Moreover, 21 percent of those surveyed admitted to medicating their kids with paracetamol, such as Panodil, before sending them to school.

The FOLA parents’ organisation is shocked by the findings.

“I think it is absolutely crazy. It simply cannot be that a child goes to school sick and plays with lots of other children. Then we are faced with the fact that they will infect the whole institution,” said FOLA chair Signe Nielsen.

Pill pushers
At the Børnehuset daycare institution in Silkeborg a meeting was called where parents were implored not to bring their sick children to school.

At Børnehuset there are fears that parents prefer to pack their kids off with a pill without informing teachers.

“We occasionally have children who that they have had a pill for breakfast,” said headteacher Susanne Bødker. “You might think that it is a Panodil more than a vitamin pill, if it is a child who has just been sick, for example.”

Parents sick and tired
Parents, when confronted, often cite pressure at work as a reason for not being able to stay at home with their children.

Many declare that they simply cannot take another day off, as they are afraid of being fired.

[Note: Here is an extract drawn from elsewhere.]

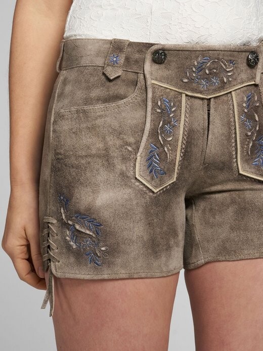 Эти кожаные брюки от Spieth & Wensky просто войдут в ваш гардероб! Вышивка с цветочным мотивом придает душевный дизайн. Шнуровка на ногах чудесно современна. Благодаря облегающему крою в этих брюках вы будете выглядеть великолепно, а чистая козья кожа не только прочна, но также визуально элегантна и удобна в носке. В сочетании с традиционной блузкой и обувью в тон эти кожаные брюки превратят любой традиционный наряд в изюминку. Модные кожаные брюки Привлекательная вышивка контрастного цвета Ленты на манжетах ног Красивая кожа цвет Комфорт при длительном ношении

Allan Randrup Thomsen, a professor of virology at KU, has heavily criticised the parents’ actions, describing the current situation as a “vicious circle”.

“It promotes the spread of viruses, and it adds momentum to a cycle where parents are pressured by high levels of sick-leave. If they then choose to send the children to daycare while they are still recovering, they keep the epidemic going in daycares, and this in turn puts a greater burden on the parents.”